Chasteneditis, or learnt helplessness, is a neurotic social malady which afflicts fans from Collingwood, Richmond, St Kilda, Footscray and Fremantle football clubs and indeed anyone who has any association with those organisations.

Sufferers may be in the midst of conditions which, to well-adjusted people, would ordinarily lead to enjoyment and heightened arousal but invoke in the sufferer feelings of mortal dread—like a dream state which turns to a nightmare and in which they have no control over the physical world as they are descended upon by some malevolent force, over and over, week on week.

These feelings are often irrational but there is usually some life event whose trauma was so great it has permanently discoloured their weltanschauung, like a grey filter.

Even when the game is 'in the bag', sufferers refuse to believe they are not perhaps the victim of a calamitous hoax.

'Kevin', a 59 year old Collingwood supporter from North-East Melbourne, is a chronic sufferer of Chasteneditis and has been—unbeknownst to him—since the 1970 Collingwood Grand Final loss to Carlton. The conditioned manifested itself quite mildly at first, with clammy palms and the occasional eyebrow furrow, but after Grand Final losses in 1977, 1979, 1980 and 1981 Kevin's condition had deteriorated to such an extent that he often became maudlin and despondent not only at games he attended but in the shower or at the butchers.
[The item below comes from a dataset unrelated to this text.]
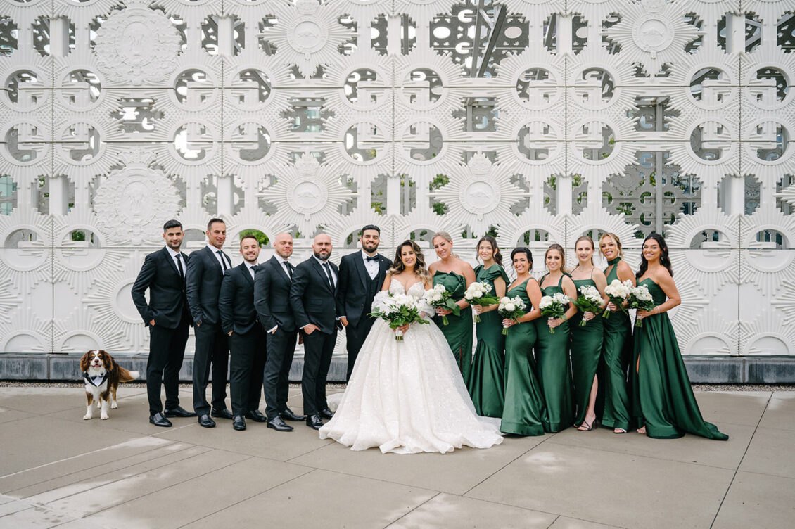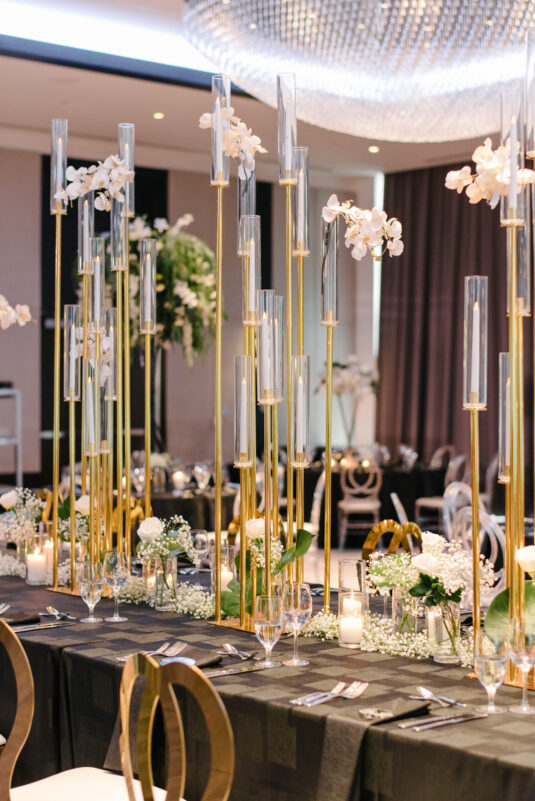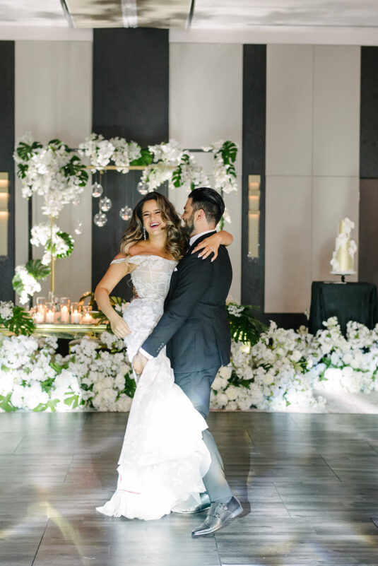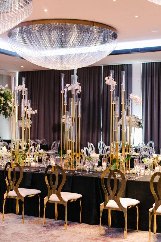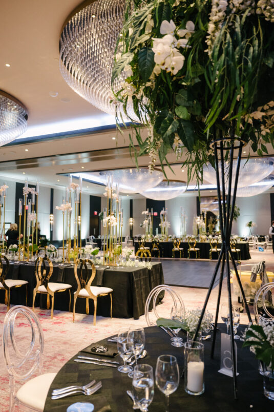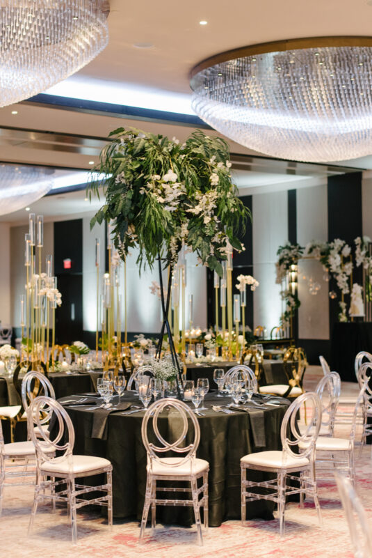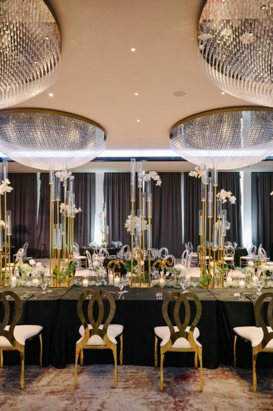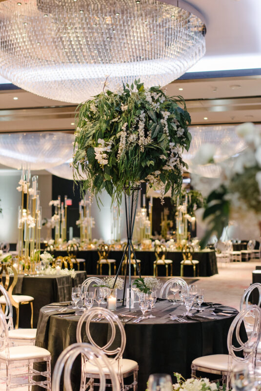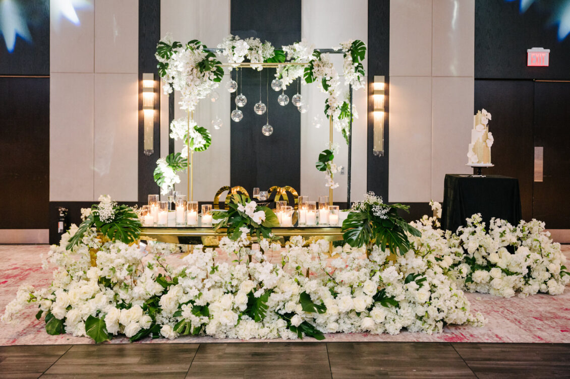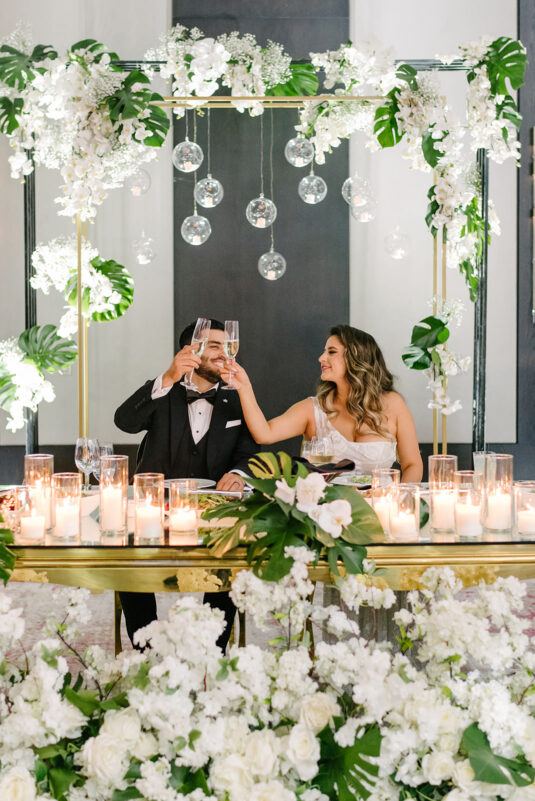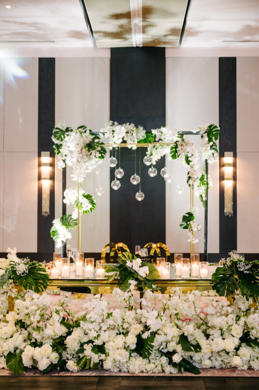 The couple were married in Toronto, Canada. Their wedding was inspired by Art Deco vibes, echoing both The Great Gatsby and Miami in its Art Deco heyday. Wild Theory Floral & Event Design achieved this look with warm, tropical floral elements. The ceremony space was adorned with tropical Monstera leaves, forming a floor arch encircling the couple at the altar while the reception’s head table featured a large geometric backdrop with hanging globe tea lights, surrounded by floral swags on and around the glass table.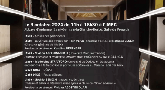 Journée d'étude ERLIS/Imec, mercredi 9 octobre 2024 de 11 h à 19 h Les archives des maisons d'édition et celles de traducteurs conservées à...

'Fuck this' and head shaking are common responses and can strike from nowhere. The condition is most acute at the stadium from which the sufferer, despite the debilitating feeling induced every time, cannot seem to extricate themselves, returning week after week. Even when the game is 'in the bag', sufferers refuse to believe they are not perhaps the victim of a calamitous hoax and tend to distrust their sensory perceptions. Only after they see a success validated in writing or other forms of media 4 or more times do they begin to accept that they have indeed 'had fun', albeit by proxy, but the feeling is best described as ephemeral because no sooner has the last result been computed, than the cycle begins again with the sufferer agonising over the next round of football.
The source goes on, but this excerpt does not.